* [Task objective]: Write the records out again exactly, leaving no images in.

* [Supplied entries]:

◇ ◇ ◇ ◇

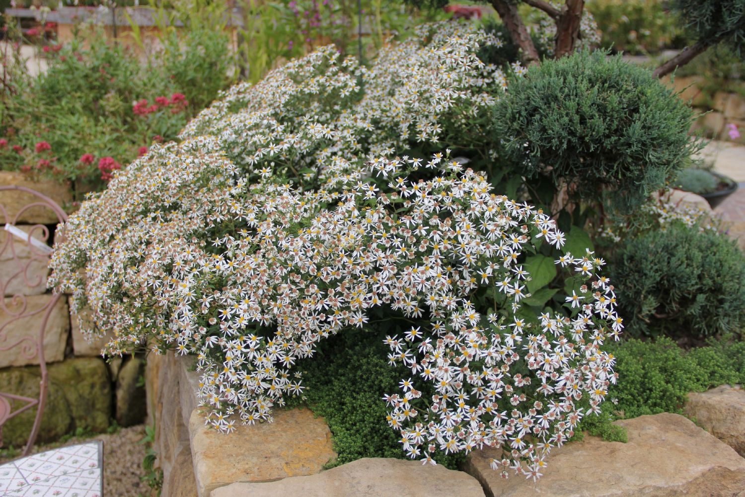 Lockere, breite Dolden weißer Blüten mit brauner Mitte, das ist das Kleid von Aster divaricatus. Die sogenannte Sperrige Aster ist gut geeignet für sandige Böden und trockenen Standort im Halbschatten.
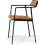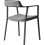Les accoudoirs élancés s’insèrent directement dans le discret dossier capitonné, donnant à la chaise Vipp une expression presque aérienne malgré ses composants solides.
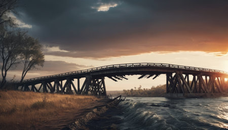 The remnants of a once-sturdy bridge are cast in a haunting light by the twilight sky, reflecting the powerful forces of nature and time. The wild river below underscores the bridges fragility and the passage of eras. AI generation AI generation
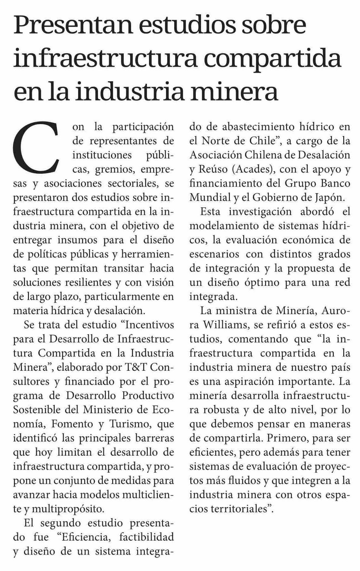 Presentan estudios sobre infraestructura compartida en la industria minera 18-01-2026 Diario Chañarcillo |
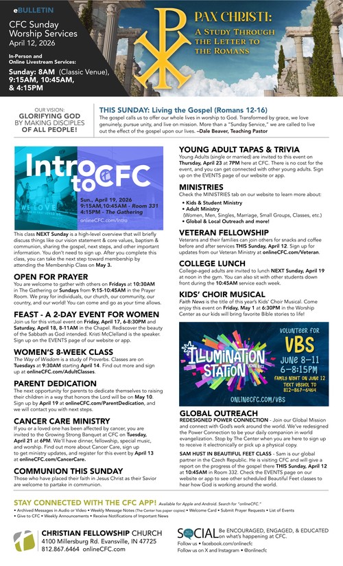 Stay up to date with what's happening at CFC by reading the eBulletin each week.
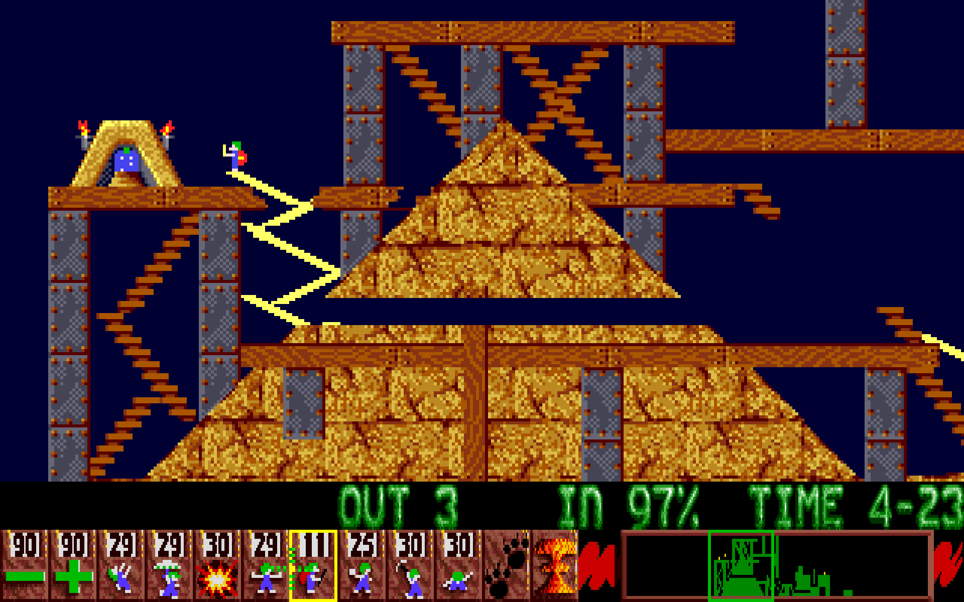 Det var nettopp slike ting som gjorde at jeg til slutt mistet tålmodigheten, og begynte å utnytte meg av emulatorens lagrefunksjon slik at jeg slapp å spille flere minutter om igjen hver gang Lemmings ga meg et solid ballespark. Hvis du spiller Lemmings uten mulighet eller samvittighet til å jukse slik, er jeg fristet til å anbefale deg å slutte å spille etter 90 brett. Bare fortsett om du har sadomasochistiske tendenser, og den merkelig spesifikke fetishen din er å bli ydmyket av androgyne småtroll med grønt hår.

◇ ◇ ◇ ◇

* [Written solution]:
 Lockere, breite Dolden weißer Blüten mit brauner Mitte, das ist das Kleid von Aster divaricatus. Die sogenannte Sperrige Aster ist gut geeignet für sandige Böden und trockenen Standort im Halbschatten.
Les accoudoirs élancés s’insèrent directement dans le discret dossier capitonné, donnant à la chaise Vipp une expression presque aérienne malgré ses composants solides.
 The remnants of a once-sturdy bridge are cast in a haunting light by the twilight sky, reflecting the powerful forces of nature and time. The wild river below underscores the bridges fragility and the passage of eras. AI generation AI generation
 Presentan estudios sobre infraestructura compartida en la industria minera 18-01-2026 Diario Chañarcillo |
 Stay up to date with what's happening at CFC by reading the eBulletin each week.
 Det var nettopp slike ting som gjorde at jeg til slutt mistet tålmodigheten, og begynte å utnytte meg av emulatorens lagrefunksjon slik at jeg slapp å spille flere minutter om igjen hver gang Lemmings ga meg et solid ballespark. Hvis du spiller Lemmings uten mulighet eller samvittighet til å jukse slik, er jeg fristet til å anbefale deg å slutte å spille etter 90 brett. Bare fortsett om du har sadomasochistiske tendenser, og den merkelig spesifikke fetishen din er å bli ydmyket av androgyne småtroll med grønt hår.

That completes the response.